From Wikipedia we have the following equation: $$\frac{{d}^{n}}{d{x}^{n}}\Gamma (x)=\int _{0}^{\infty }{t}^{x-1}{e}^{-t}{\left(\ln t\right)}^{n}dt$$
which is clearly an integral going from 0 to infinity. I was wondering if you were able to see how to do a substitution on this integral to change it from one going from 0 to infinity to an integral going from 0 to some finite number. Am doing some numerical work with this integral and it would be much more convenient to compute integrals that do not go to infinity for higher derivatives of $\Gamma(x)$.

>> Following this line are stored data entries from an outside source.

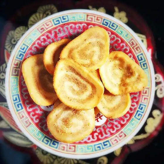If you really want to get exotic, there are also deep fried, crunchy, ear shaped, cookies made with fermented, red bean paste which originate from China known as "Cow Ear" or "Cat Ear" cookies. You can also find those for sale online at Asian supermarkets like "Weee!" (See here) or fresh, deep fried at local Asian bakeries on the East and West coast of the US. If you can find them at a local bakery (Not too many Asian bakeries offer them anymore as it's almost a "Lost art" and expensive to craft with a low markup. I found a recipe with step by step pictures here~!) try to get the ones that are deep fried in lard.
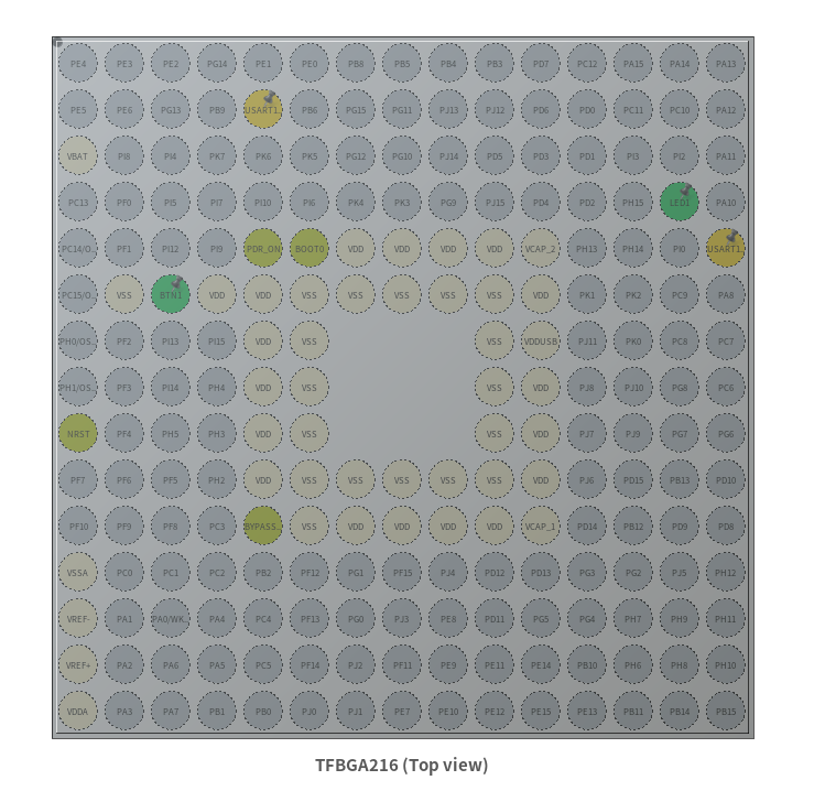 회로도에서 VCP_TX는 PA9 , VCP_RX는 PB7 인 것을 확인하고 해당 번호의 핀을 클릭하여 각각 USART1_TX, USART1_RX로 선택한다. (선택시 해당 핀 노란색으로 변화)
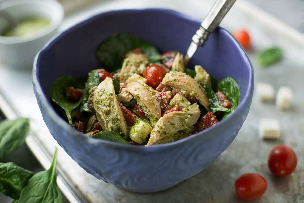 Μεταφέρετε το κοτόπουλο σε ένα πιάτο και αφήστε το να ξεκουραστεί. Προσθέστε τα λαχανικά στο σχαροτήγανο και μαγειρέψτε για 2–3 λεπτά από κάθε πλευρά, ή μέχρι να μαλακώσουν και να πάρουν ελαφρύ χρώμα. Επιστρέψτε τα στο μπολ, προσθέστε το πέστο και τη ρόκα και ανακατέψτε ελαφρά.
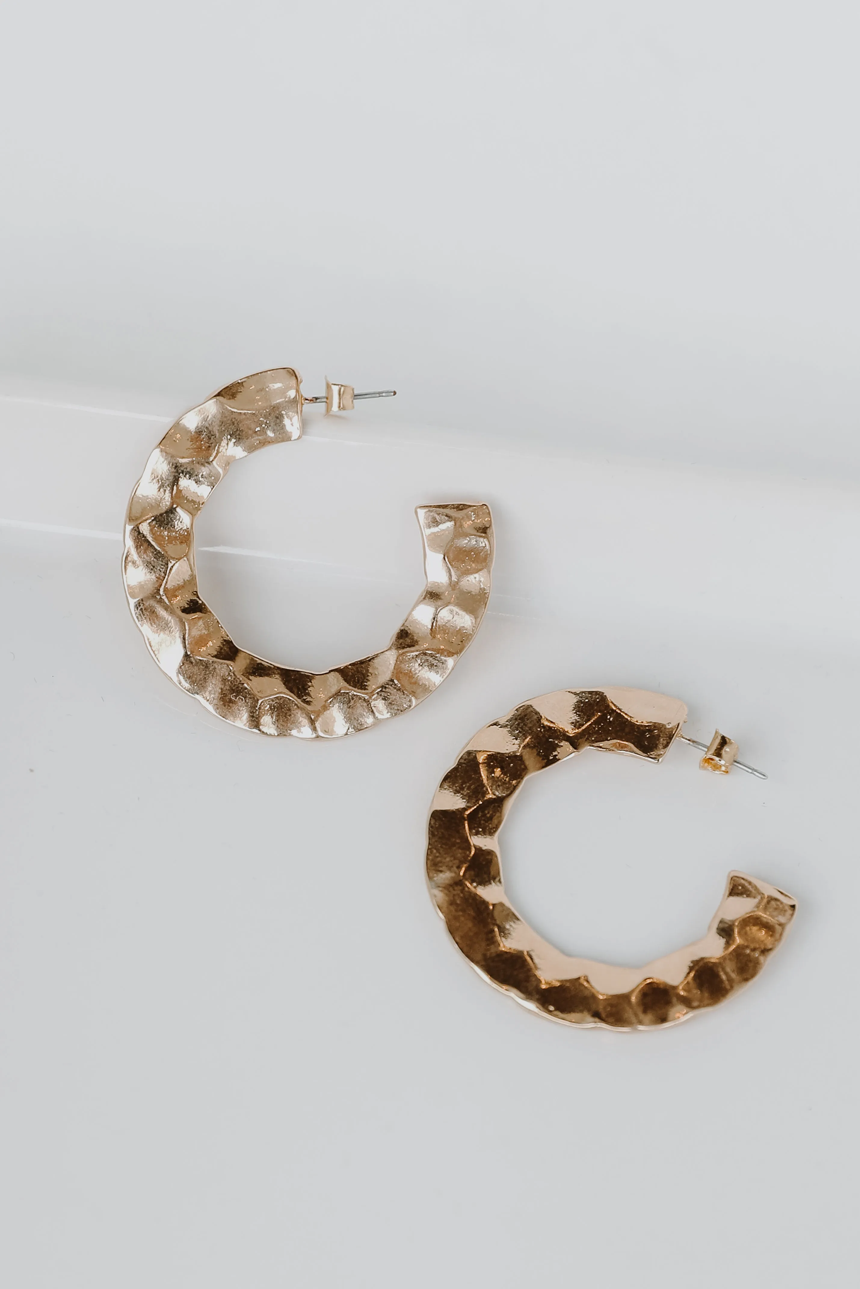 Upgrade yourself to V.I.P with the Reece Gold Hammered Hoop Earrings! These trendy earrings are designed with a hammered gold hoop style with stud post backs! Style the Reece Hoops for any occasion to instantly elevate your outfit!
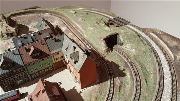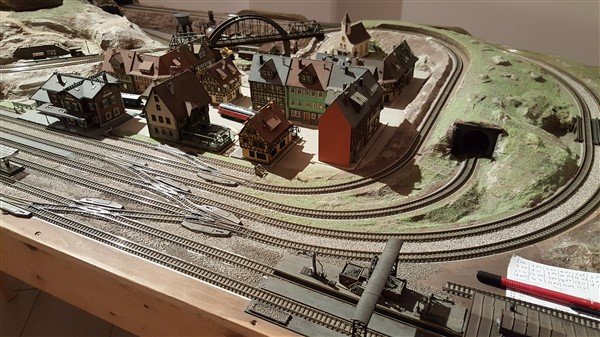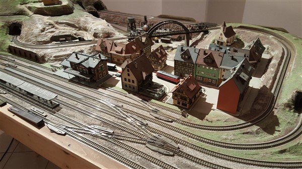 Ti chiedevo il piano dei binari perchè non si capisce dalle piccole foto (storte) che hai messo dove ad esempio va a finire la linea più interna che passa sul ponte e si infila nella montagna: c'è per caso un cappio di ritorno?
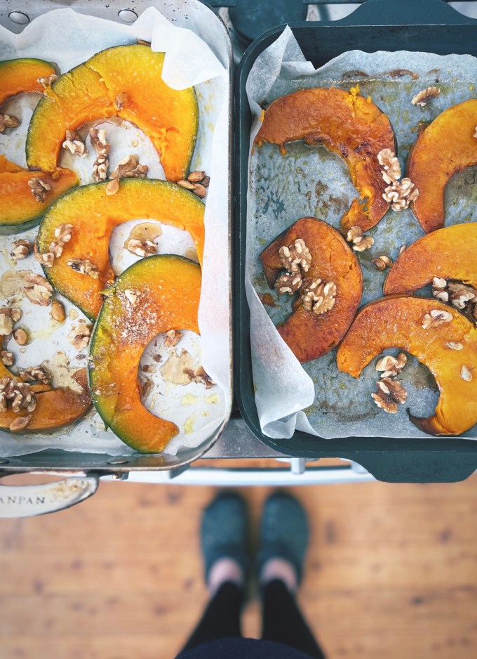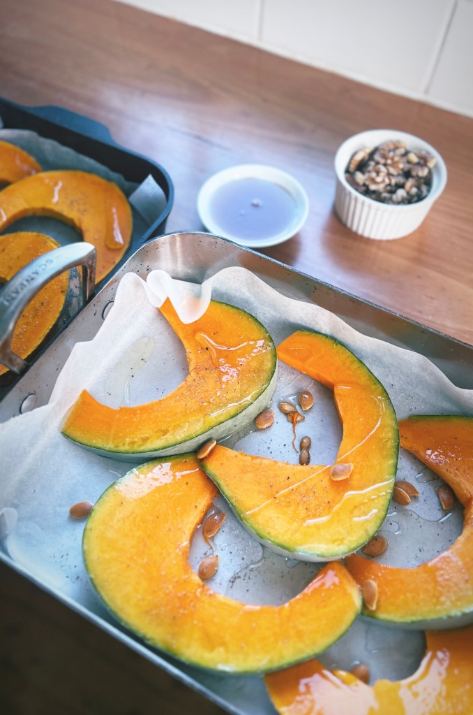 - Take out of the oven, flip the pumpkin over, drizzle with maple syrup and scatter the walnuts over top. Add a little more olive oil and salt and pepper on that side and roast again until caramelised nicely.
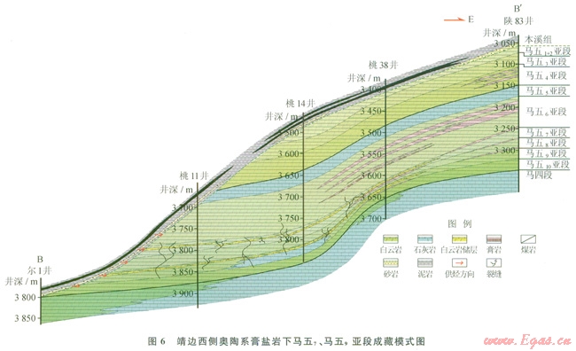 前已述及,馬五6膏鹽巖下發(fā)育馬五7、馬五9亞段及馬四段等多個(gè)儲集層段,其間又為馬五8、馬五10亞段等蒸發(fā)巖組合分隔,各自都具有相似的成藏地質(zhì)背景,因而都具有一定的成藏潛力。其次,即使在馬五8、馬五10亞段乃至馬五6亞段等蒸發(fā)巖層段中也常夾有一定儲集性的白云巖夾層,它們雖在橫向上規(guī)模相對較小,但在局部也可能形成有效的工業(yè)性聚集,對于膏鹽巖下的勘探也有一定的實(shí)際意義。

To make what I am asking for even more explicit, I am asking if you are able to turn an integral such as $$\int _{0}^{\infty }{e}^{-t}{t}^{x-1}dt$$ into $$\int _{0}^{1}{\left(-\ln t\right)}^{x-1}dt$$
If you do$$t=\frac u{1-u}\quad\text{and}\quad\mathrm dt=\frac1{(1-u)^2},$$then$$\int_0^\infty t^{x-1}e^{-t}(\ln t)^n\,\mathrm dt=\int_0^1\left(\frac u{1-u}\right)^{x-1}e^{-u/(1-u)}\left(\ln\left(\frac u{1-u}\right)\right)^n\frac1{(1-u)^2}\,\mathrm du.$$